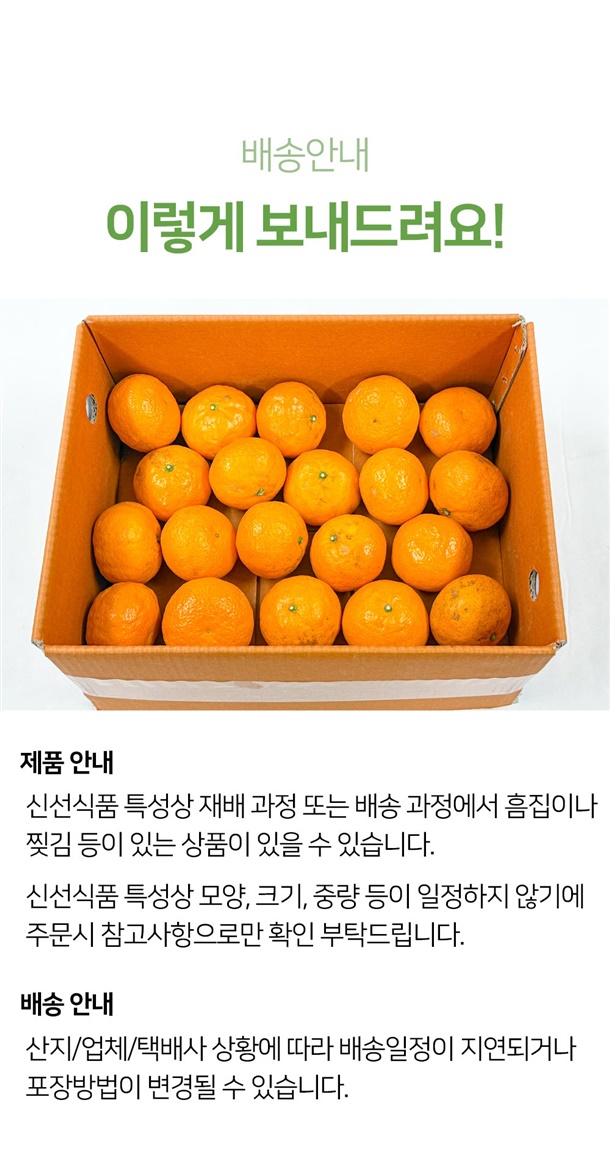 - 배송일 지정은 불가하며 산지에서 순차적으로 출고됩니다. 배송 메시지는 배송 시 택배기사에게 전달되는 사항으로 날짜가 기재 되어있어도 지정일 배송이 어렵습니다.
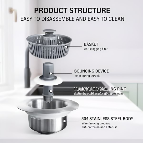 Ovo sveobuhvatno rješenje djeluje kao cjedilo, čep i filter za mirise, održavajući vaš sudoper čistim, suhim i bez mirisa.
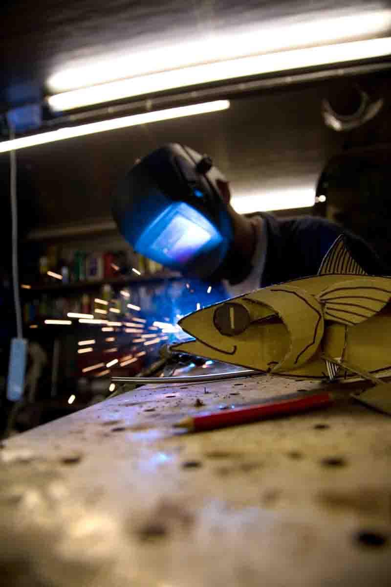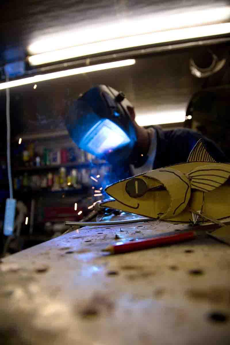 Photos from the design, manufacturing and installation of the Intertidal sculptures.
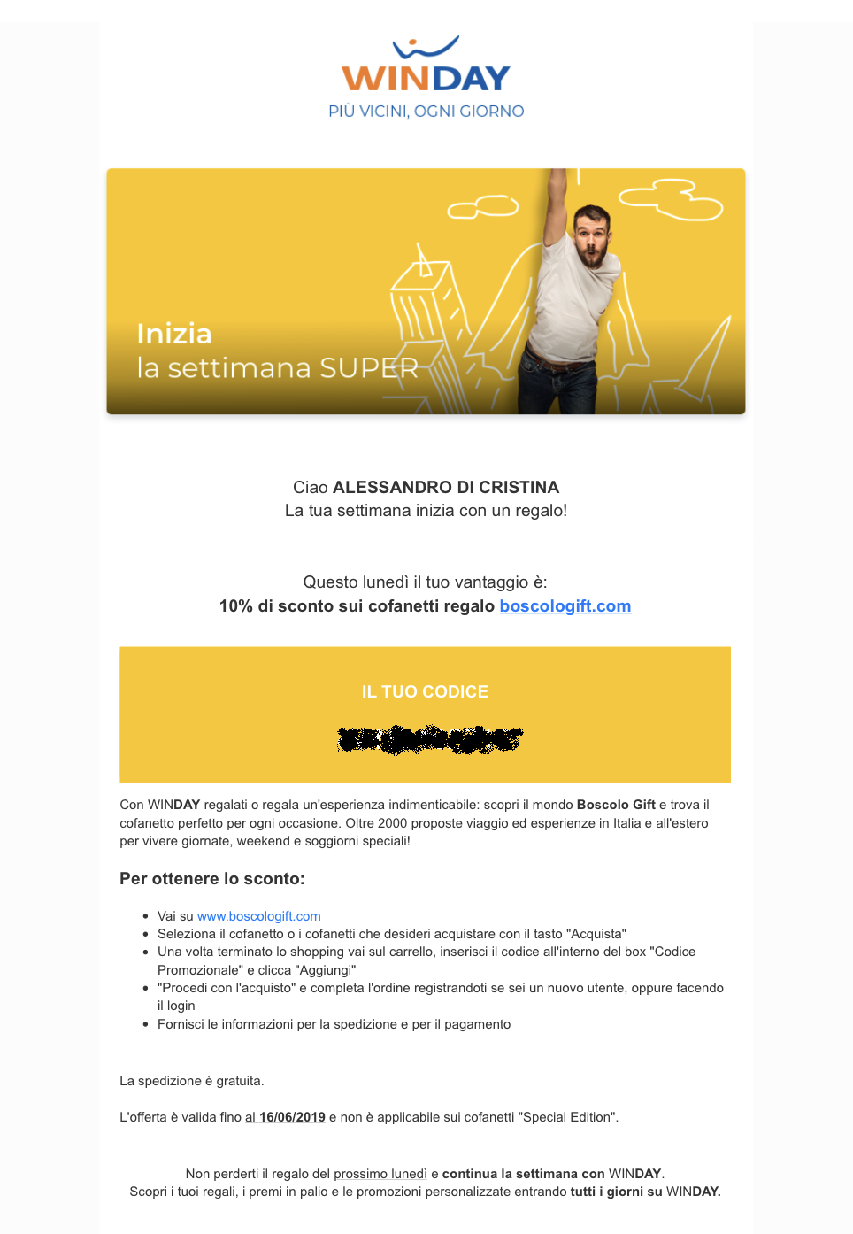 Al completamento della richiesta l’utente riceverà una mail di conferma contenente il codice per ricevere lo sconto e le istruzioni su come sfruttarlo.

- - -

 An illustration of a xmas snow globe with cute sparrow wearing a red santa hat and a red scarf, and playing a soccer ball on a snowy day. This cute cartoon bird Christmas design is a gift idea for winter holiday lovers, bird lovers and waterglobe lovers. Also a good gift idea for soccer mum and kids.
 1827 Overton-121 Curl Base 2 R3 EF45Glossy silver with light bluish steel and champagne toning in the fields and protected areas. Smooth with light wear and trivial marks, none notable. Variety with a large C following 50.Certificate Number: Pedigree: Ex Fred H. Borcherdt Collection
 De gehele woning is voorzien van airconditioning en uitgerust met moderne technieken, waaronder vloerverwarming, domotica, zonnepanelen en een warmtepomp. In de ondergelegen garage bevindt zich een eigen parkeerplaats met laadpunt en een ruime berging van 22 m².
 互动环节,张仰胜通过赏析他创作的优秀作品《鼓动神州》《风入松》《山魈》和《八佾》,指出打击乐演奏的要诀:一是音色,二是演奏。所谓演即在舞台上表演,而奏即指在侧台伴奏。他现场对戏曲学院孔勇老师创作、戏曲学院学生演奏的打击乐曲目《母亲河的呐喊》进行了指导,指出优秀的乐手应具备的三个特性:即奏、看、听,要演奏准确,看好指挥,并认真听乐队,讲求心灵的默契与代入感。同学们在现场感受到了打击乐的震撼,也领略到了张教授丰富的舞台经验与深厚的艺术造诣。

- - -

> **What you need to do**
Every line of the listing above that contains "with" is to be copied.

> **Exercise solution**
 An illustration of a xmas snow globe with cute sparrow wearing a red santa hat and a red scarf, and playing a soccer ball on a snowy day. This cute cartoon bird Christmas design is a gift idea for winter holiday lovers, bird lovers and waterglobe lovers. Also a good gift idea for soccer mum and kids.
 1827 Overton-121 Curl Base 2 R3 EF45Glossy silver with light bluish steel and champagne toning in the fields and protected areas. Smooth with light wear and trivial marks, none notable. Variety with a large C following 50.Certificate Number: Pedigree: Ex Fred H. Borcherdt Collection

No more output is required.